Please copy the lines below, exactly as they are, from the one with "Deze leuke creatieve" through the one with "2023年琼海市石壁镇下朗村", and leave out the pictures.

(Items listed in a dataset)
= = = =

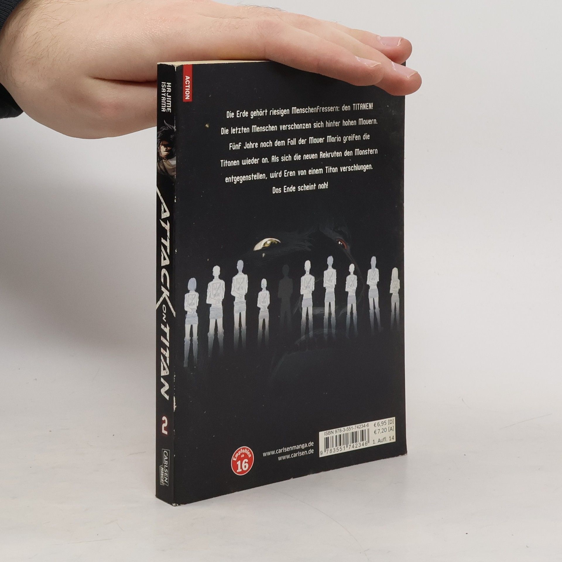 Dieser einzigartige Manga um den verzweifelten Kampf der Menschheit gegen übermächtige Titanen vereint Action, Fantasy und Horror in einer mitreißenden Geschichte. Attack on Titan gilt weltweit als einer der beliebtesten Titel und sorgt auch als Anime, Realfilm und mit diversen Videospielen für Furore! Die Erde gehört riesigen Menschenfressern: den TITANEN! Fünf Jahre nach dem Fall der Mauer Maria greifen die Titanen noch einmal die letzten Menschen an. Als sich die neuen Rekruten den Monstern entgegenstellen, wird Eren von einem Titan verschlungen. Das Ende scheint nah. Weitere Infos: - ab 16 Jahren- Abgeschlossen in 34 Bänden- edle Deluxe-Edition im Hardcover erhältlich- mehrere Spin-off-Serien und Guidebooks - Anime und Filme bei Kazé und als Stream- diverse Videospiele
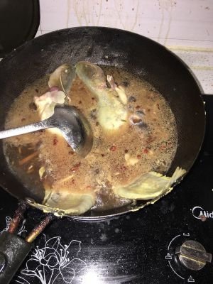 大火烧热炒锅中的油,放入大蒜瓣、老姜片煸炒出香味,放入切好的鲶鱼段,煸至鱼块变成金黄色。
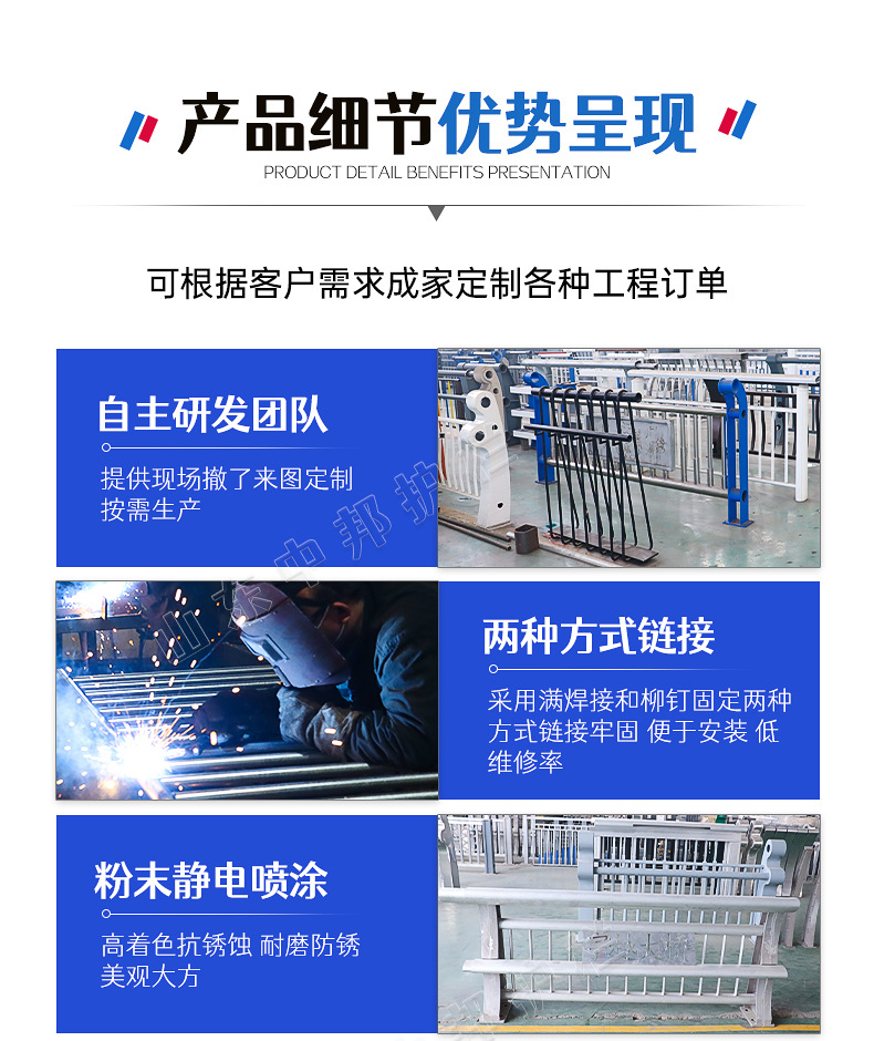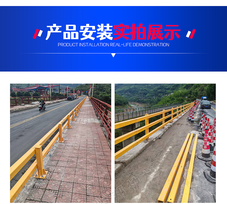 두꺼운 교량 충돌 방지 가드레일 Q235 교량 가드레일은 양쪽에 안전하고 강한 충돌 방지 가드레일을 갖추고 있습니다.
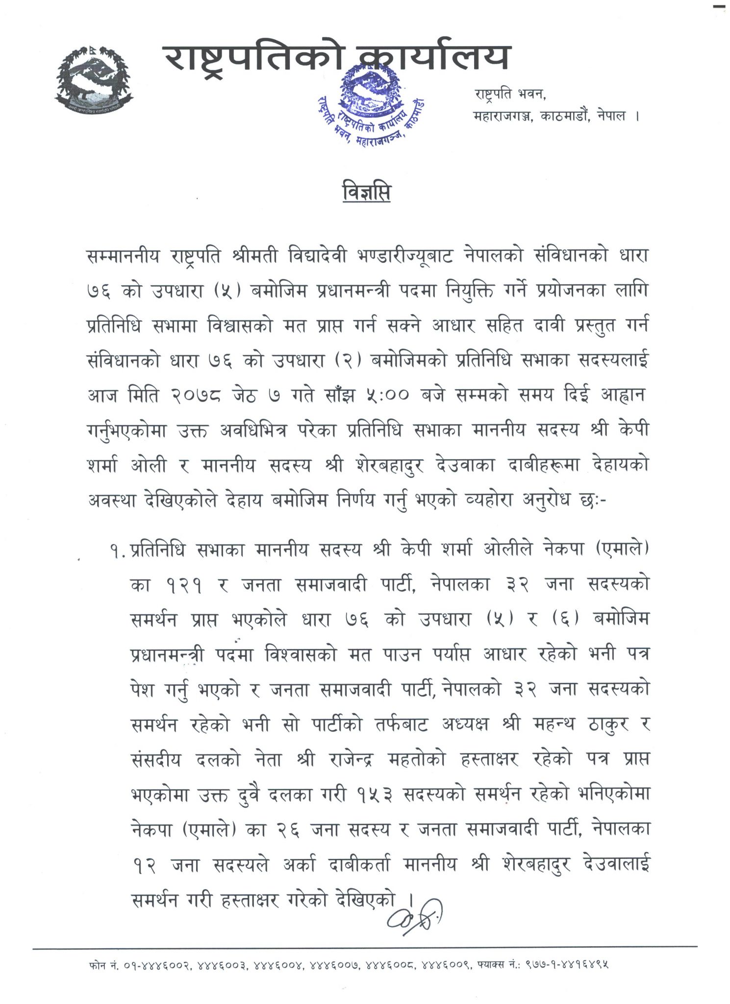 प्रधानमन्त्री ओलीले विश्वासको मत नलिइ नयाँ सरकार गठनको प्रक्रियामा जाने जेठ ६ मा निर्णय गरेलगत्तै राष्ट्रपति भण्डारीले त्यही दिन राती संविधानको धारा ७६ को उपधारा ५ अनुसार नयाँ सरकार गठनका लागि आह्वान गरिन् ।
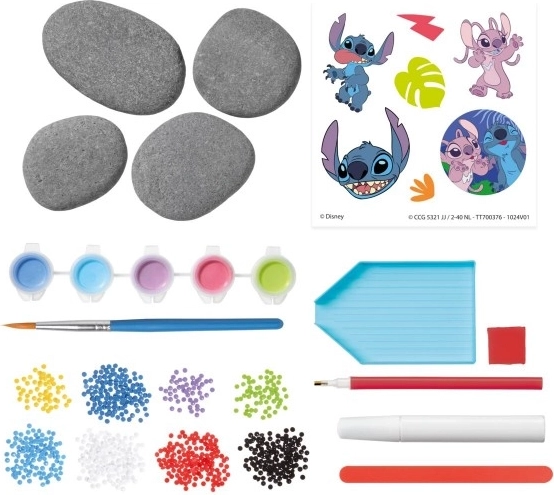 Deze leuke creatieve set zorgt voor uren knutselplezier. Dankzij wrijfstickers en circa 400 stuks decoratieve steentjes maak je eenvoudig originele steentjes geïnspireerd op het geliefde Stitch-motief. Als de stenen uit de verpakking op zijn, kun je verder werken met vondsten uit de natuur.
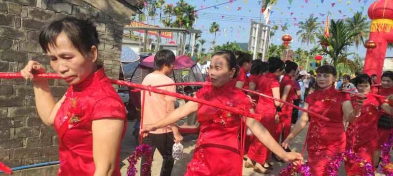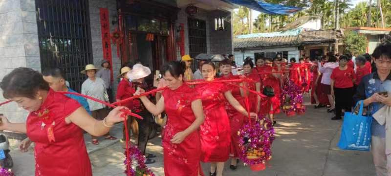 2023年琼海市石壁镇下朗村委会加德沟首届外嫁女回娘家春聚谊亲旺乡睦邻乡村文化活动,正月廿二(2月12日),外嫁女们走村串户拜年恳亲睦邻谊情交流活动。外嫁女们留恋家乡的山山水水,一草一木,眷恋家乡的父老乡亲和兄弟姐妹们。大大地促进了广大村民的大团结,大进步,大文明,大发展。
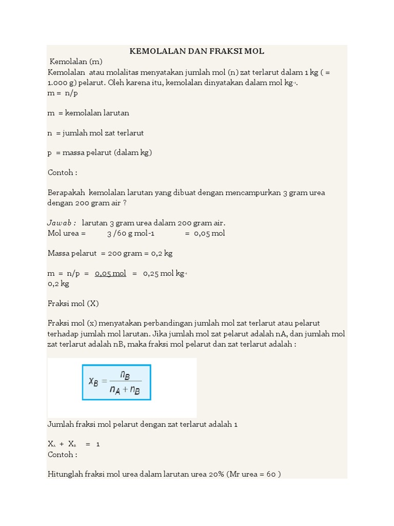 Pengertian rumus dan contoh soal molalitas dan fraksi mol lengkap molalitas atau kosentrasi molal adalah ukuran konsentrasi dari suatu zat terlarut di dalam suatu larutan dalam hal jumlah zat dalam sejumlah massa tertentu dari pelarut. Hitung fraksi mol masing masing zat pembahasan.
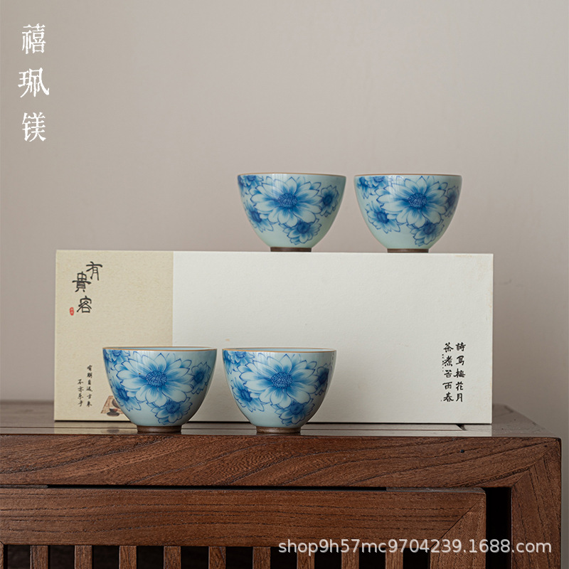 禧マグネシウム手描き青花主人杯陶磁器カップ家庭用個人専用シングルカップビジネスハイエンドお土産
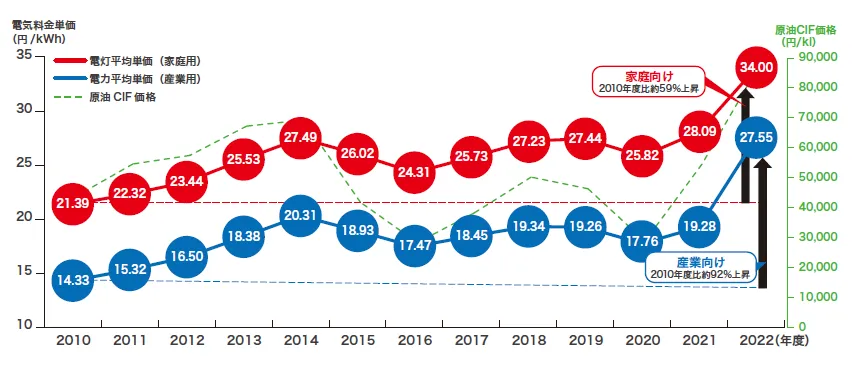 ▼東日本大震災以降(2014~2016年・コロナ禍を除いて)電気料金は上がり続けている。

= = = =

*EXERCISE RESULT*
 Deze leuke creatieve set zorgt voor uren knutselplezier. Dankzij wrijfstickers en circa 400 stuks decoratieve steentjes maak je eenvoudig originele steentjes geïnspireerd op het geliefde Stitch-motief. Als de stenen uit de verpakking op zijn, kun je verder werken met vondsten uit de natuur.
 2023年琼海市石壁镇下朗村委会加德沟首届外嫁女回娘家春聚谊亲旺乡睦邻乡村文化活动,正月廿二(2月12日),外嫁女们走村串户拜年恳亲睦邻谊情交流活动。外嫁女们留恋家乡的山山水水,一草一木,眷恋家乡的父老乡亲和兄弟姐妹们。大大地促进了广大村民的大团结,大进步,大文明,大发展。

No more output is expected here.